§ What to do
The expected output is the line with "CDNs are often" plus all lines after it to the end of the material below, reproduced exactly, with pictures omitted and nothing else included.

§ Data section
****

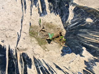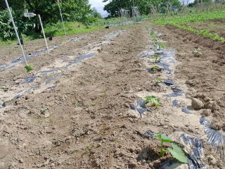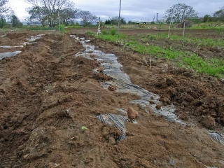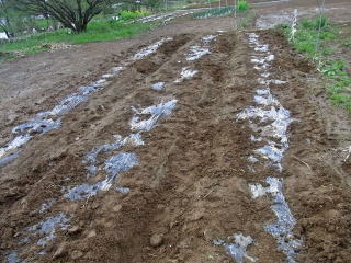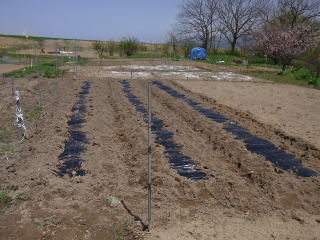 よく耕した地面に幅3〜4尺のマルチ(黒い農業用ビニール)を敷き、固定します。マルチの敷き方にはコツがありますが、おらホでは風のない早朝にしています。
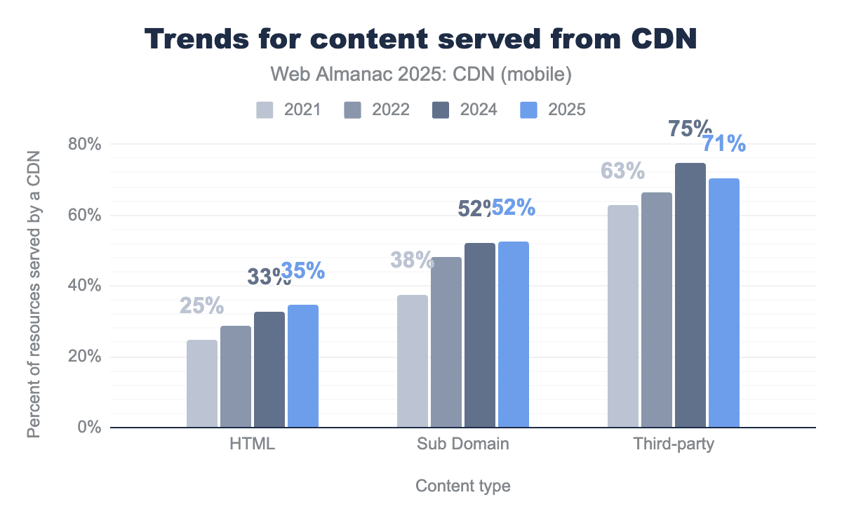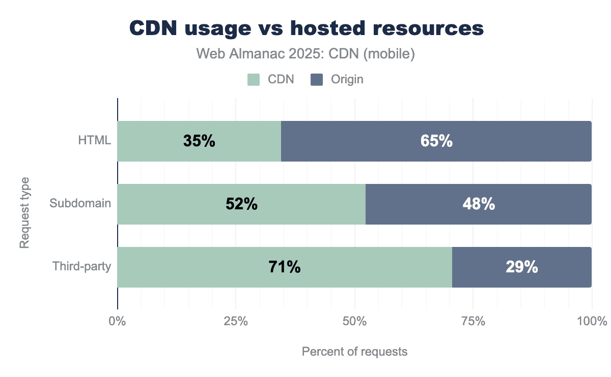 CDNs are often utilized for delivering static content such as fonts, image files, stylesheets, and JavaScript. This kind of content doesn’t change frequently, making it a good candidate for caching on CDN proxy servers. We still see CDNs used more frequently for this type of resource, especially for third-party content, with 71% being served via CDN. Subdomain resources show moderate CDN adoption at 52%, while HTML content has the lowest CDN usage at 35%, as it’s more commonly served directly from origin servers.
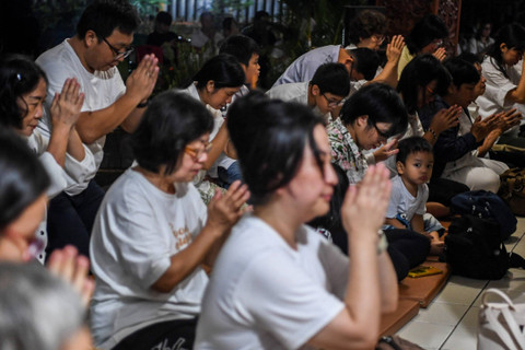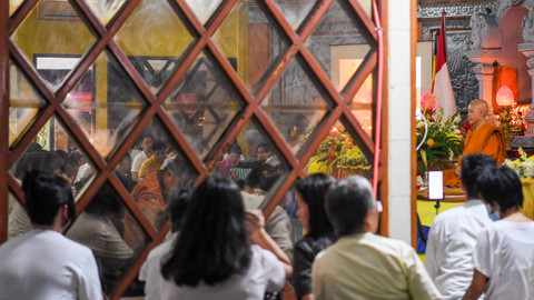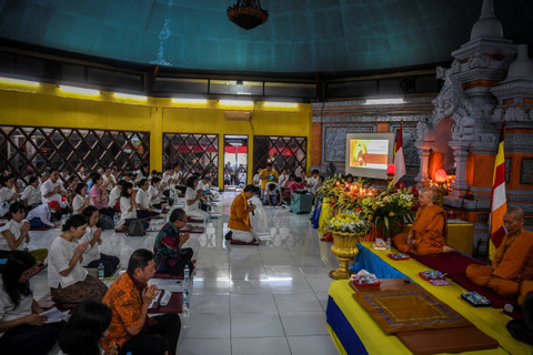 Umat Buddha mengikuti prosesi paritta di Vihara Arya Dwipa Arama, kompleks Taman Mini Indonesia Indah (TMII), Jakarta, Kamis (23/5/2024). Foto: Galih Pradipta/ANTARA FOTO

****

§ Result
 CDNs are often utilized for delivering static content such as fonts, image files, stylesheets, and JavaScript. This kind of content doesn’t change frequently, making it a good candidate for caching on CDN proxy servers. We still see CDNs used more frequently for this type of resource, especially for third-party content, with 71% being served via CDN. Subdomain resources show moderate CDN adoption at 52%, while HTML content has the lowest CDN usage at 35%, as it’s more commonly served directly from origin servers.
 Umat Buddha mengikuti prosesi paritta di Vihara Arya Dwipa Arama, kompleks Taman Mini Indonesia Indah (TMII), Jakarta, Kamis (23/5/2024). Foto: Galih Pradipta/ANTARA FOTO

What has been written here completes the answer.